Chinese liquor wholesaler Oranco has turned to a blockchain-based technology to try to drive counterfeit alcohol out of its supply chain.

The Fenyang City company – which specialises in premium Fenjiu liquor and imported wines – has teamed up with Guangzhou Silicon Technology to develop the distributed ledger technology (DLT) and laser recognition platform for the “identification and anti-counterfeiting” of its alcoholic beverages.

DLT or blockchain can replace manual paper records with electronic blocks of data that are secure, unalterable and can be used to record and track each transaction as a product moves through the supply chain.

Oranco’s Fengyuang Huaxin Liquor Development subsidiary signed an agreement with the technology provider last August to get the ball rolling on the project, and have agreed to deploy the platform to collectible liquor and other premium product ranges. It took a 20 per cent stake in Guangzhou Silicon Technology as part of the deal.

The aim is to make sure products are not altered or replaced through physical means, by creating a unique digital identification for each bottle, recorded on an unmodifiable blockchain.

In theory, that should prevent fraud, improve the information available to the consumer and protect customers from exposure to potentially harmful counterfeits. The major driving force behind adopting blockchain – and increasing transparency in the supply chain – is product safety.

“We believe the verification capabilities of blockchain will enable us to credibly assure the origins and authenticity of our premium alcoholic beverages,” said Oranco president Peng Yang.

“This technology will assure the authenticity and further build the value of our premium products.”

In March, spirits company William Grant & Sons said it would deploy a blockchain-based system for its Ailsa Bay Scotch whisky developed by Arc-Net to track the distilling and production process from source to store.

Meanwhile, accounting firm EY has built a blockchain platform called TATTOO (traceability, authenticity, transparency, trade, origin, and opinion), designed to facilitate promotion and sales of new and vintage wines, on behalf of Blockchain Wine Pte.

TATTOO is backed by The House of Roosevelt – one of the largest wine cellars in Asia – which will use it to secure wines sold directly from vineyards to hotels, restaurants, cafes and individual customers.

The food sector is also getting on board. Earlier this month, food giant Nestle announced a plan to allow customers to track sustainability and provenance throughout its milk supply chain, focusing on suppliers in New Zealand shipping to the firm’s production facilities in the Middle East.

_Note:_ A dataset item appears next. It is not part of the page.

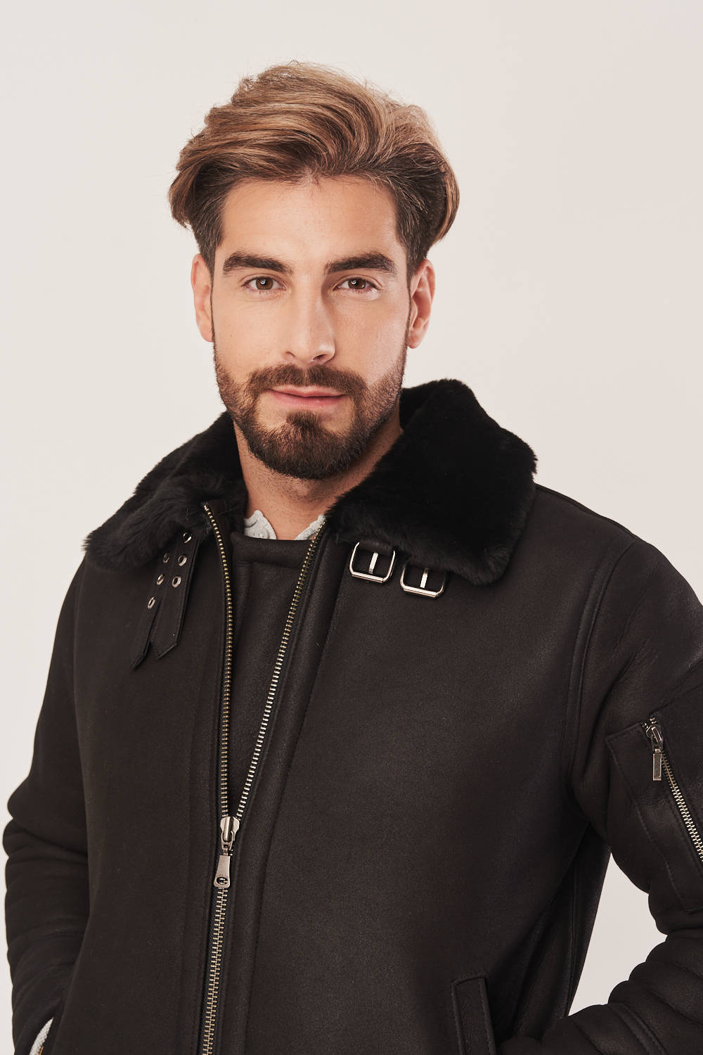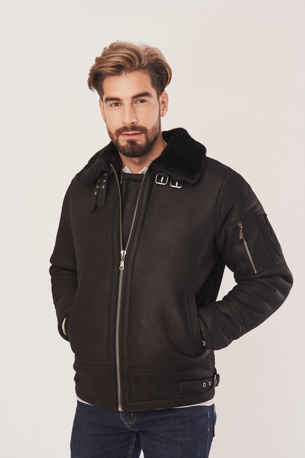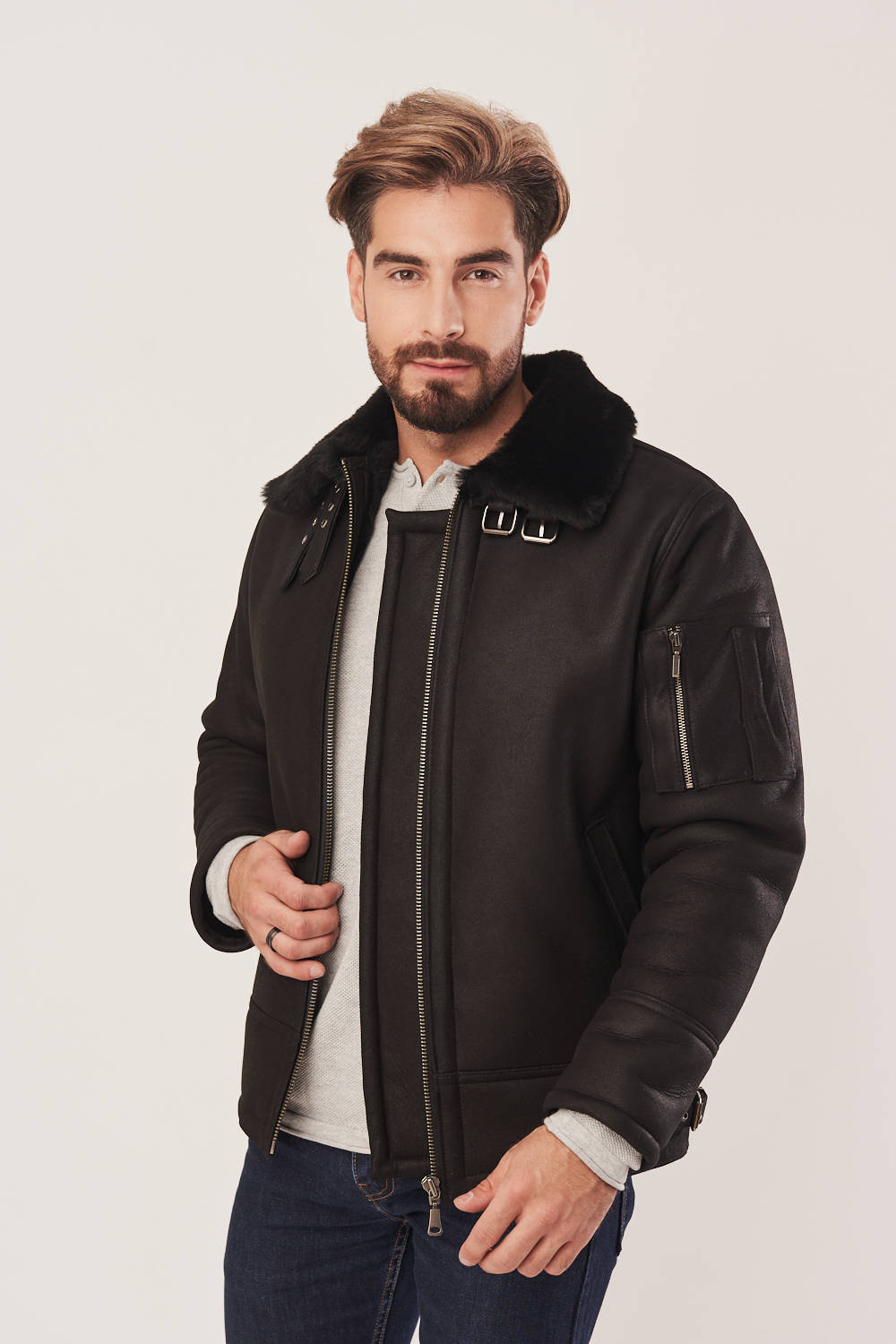 Vyriška žieminė pilotinė striukė iš natūralios avies odos – komfortas, šiluma ir klasikinis aviatoriaus stilius. Stilinga juoda vyriška pilotinė striukė žiemai, pagaminta iš aukštos kokybės natūralios avies odos su subtiliu matiniu paviršiumi. Šis aviatoriaus tipo kailis su vidine vilna – tai puikus pasirinkimas vyrams, ieškantiems patikimos ir šiltos aprangos šaltajam sezonui. Žieminė avies odos striukė ne tik atrodo elegantiškai, bet ir užtikrina aukščiausią komfortą dėvint – tai itin patogi ir šilta odinė vyriška pilotinė striukė, tinkanti tiek kasdienai mieste, tiek kelionėms. Šis modelis išsiskiria klasikiniu kirpimu, kuris išlieka madingas nepaisant laikmečio. Striukė turi užtrauktuką, dvi šonines kišenes ir papildomą kišenę ant rankovės. Gali būti užsegta iki kaklo – pakeltas apykaklė suteikia papildomą apsaugą nuo vėjo. Be to, apačioje yra galimybė reguliuoti plotį ties klubais – kad šiltas odinis kailis vyrams puikiai priglustų prie kūno ir saugotų nuo šalčio. Ši vyriška žieminė avies kailio striukė – tai idealus pasirinkimas ieškantiems funkcionalumo, šilumos ir išskirtinio stiliaus.

It plans to extend the platform to palm oil from the Americas, as part of a drive to increase transparency and accountability for production standards throughout its supply chain.

Meanwhile, other food producers turning to blockchain platforms to shore up their supply chain security include Tyson Foods, French supermarket chain Carrefour, Dole Foods, Unilever, and Kroger and Albertsons grocery stores in the US.